A Night Out In Rococo Lounge, Birmingham

Dear Rococo,

Please pass this message on to the appropriate characteristics in your bar.

The Bouncers

“Of course I don’t have any chewing gum”

I actually do you degenerate, but I know you’re too fucking stupid to realize that I’m going to lie to your face to get in.

So there’s no point asking me in case you didn’t notice.

Ask me about guns or drugs or something maybe next time I might actually tell you.

The Girls.

Why have you got so much attitude for?

You’re not that buff.

You come to Rococo because you know there’s a thousand men who are going to move to you and so that you can tell them to fuck off and carry on doing your hip moving bullshit.

Men are coming up to you because they think you are a slag because you dress like one. They don’t know that you’re out just for the attention like I do.

They’d move to an elephant in Rococo. What kind of a kick do you get from such low class attention?

Don’t give attitude when you get the attention that you came out for, or otherwise wear some clothes.

In summary, stop being  an attention seeking whore.

The Men

Sorry, Bruv, for stepping on your shoe and distracting you away from your male gang bang.

I was pushed by another male gang bang.

My sincere apologies though.

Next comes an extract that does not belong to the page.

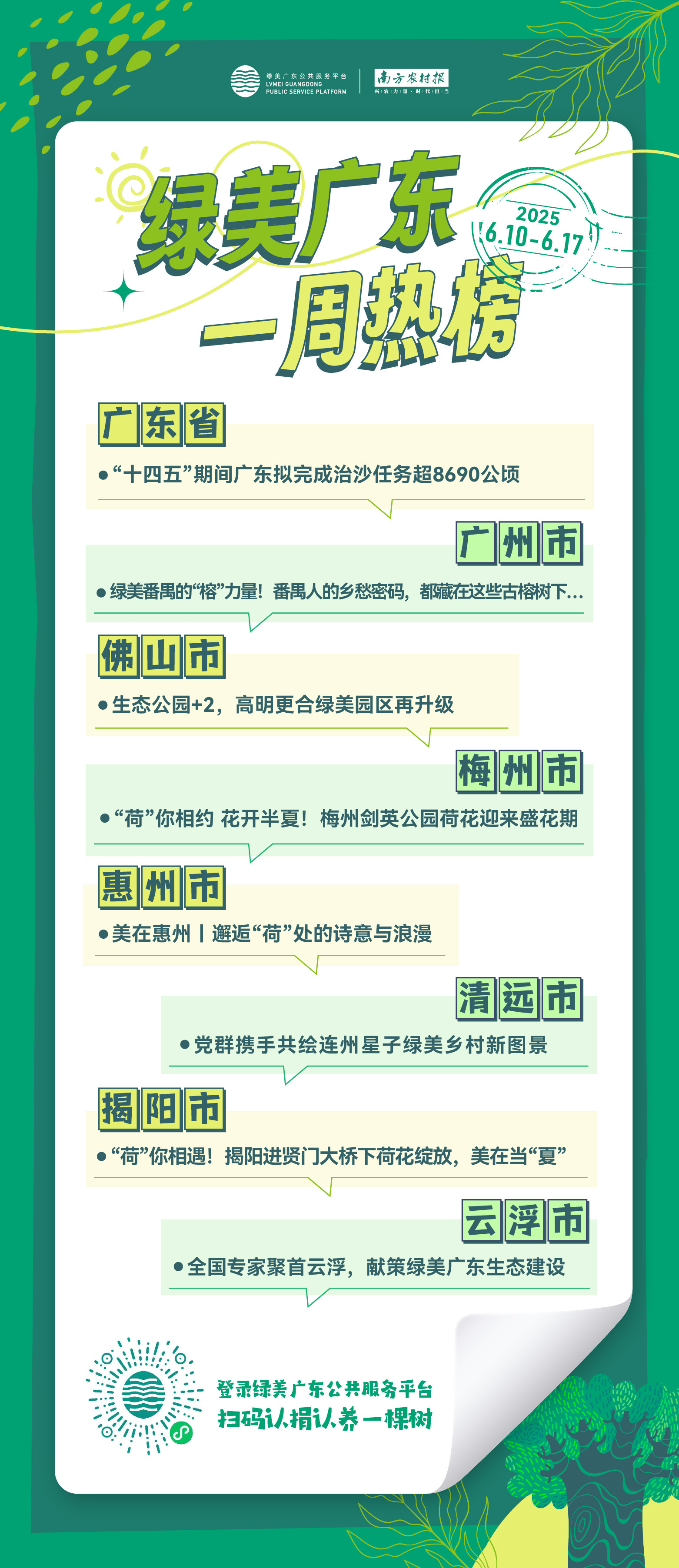 在连州市星子镇的洋洞坪村,一株株新栽种的红花玉兰枝叶翠绿,生机盎然。树上,还挂着一块“党员植绿护绿卡”,标明了责任人的名字。这是该镇通过建立“党建+网格”绿化管护机制,将绿化责任细化至每个网格、落实到个人的缩影,确保乡村绿化“种一片、活一片、美一片”。详情>>>

I didn’t mean to disrespect you and I genuinely hope I didn’t hurt your feelings.

I understand that you have no job, no future and no Gcse’s because you’re too stupid, and that you have loads of excuses for being such a fucking waste of a human being. So you want to feel that at least some one in this world shows you respect when they accidentally abuse your precious River Island shoes.

But on the plus side, these Rococo attention whores actually seem to like your style. You won’t get none but they’ll let you buy them a rose and take a picture with them.

You might find your wifey in there. They seem about as stupid as you. I’m sure you must have some really interesting conversations together in the smoking area.

I would also like to apologize that you will have difficultly reading this message and so my good friend Diary Of A Badman has kindly agreed to relay this message to you in terminology that you understand.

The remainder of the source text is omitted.